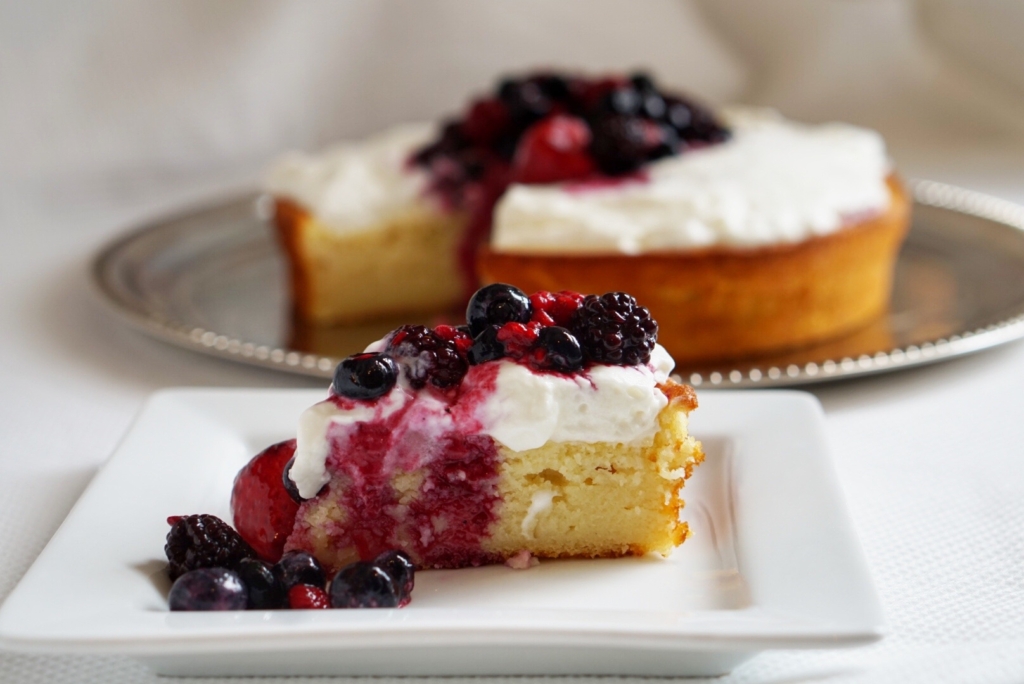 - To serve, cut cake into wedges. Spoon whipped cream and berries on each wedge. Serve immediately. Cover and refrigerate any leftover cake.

--

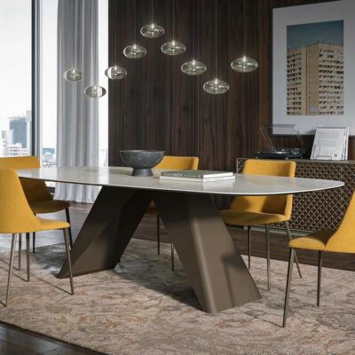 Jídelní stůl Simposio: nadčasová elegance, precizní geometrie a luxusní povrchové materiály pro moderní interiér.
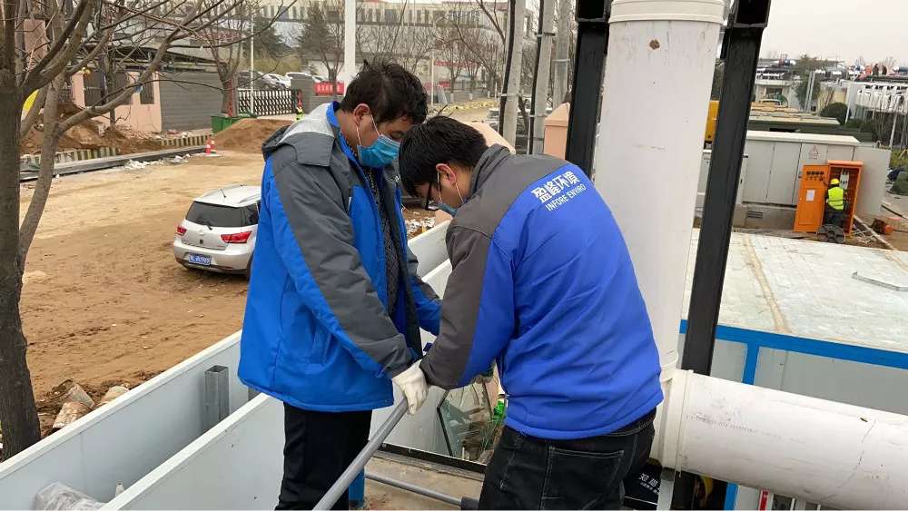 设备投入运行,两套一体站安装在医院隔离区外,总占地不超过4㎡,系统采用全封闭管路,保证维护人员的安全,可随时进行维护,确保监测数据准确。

Your objective:
Going by the data above, give back only the lines from the one containing "Jídelní stůl Simposio: nadčasová" through the one containing "设备投入运行,两套一体站安装", exactly as they stand, both ends included and no images.

Output for this task:
 Jídelní stůl Simposio: nadčasová elegance, precizní geometrie a luxusní povrchové materiály pro moderní interiér.
 设备投入运行,两套一体站安装在医院隔离区外,总占地不超过4㎡,系统采用全封闭管路,保证维护人员的安全,可随时进行维护,确保监测数据准确。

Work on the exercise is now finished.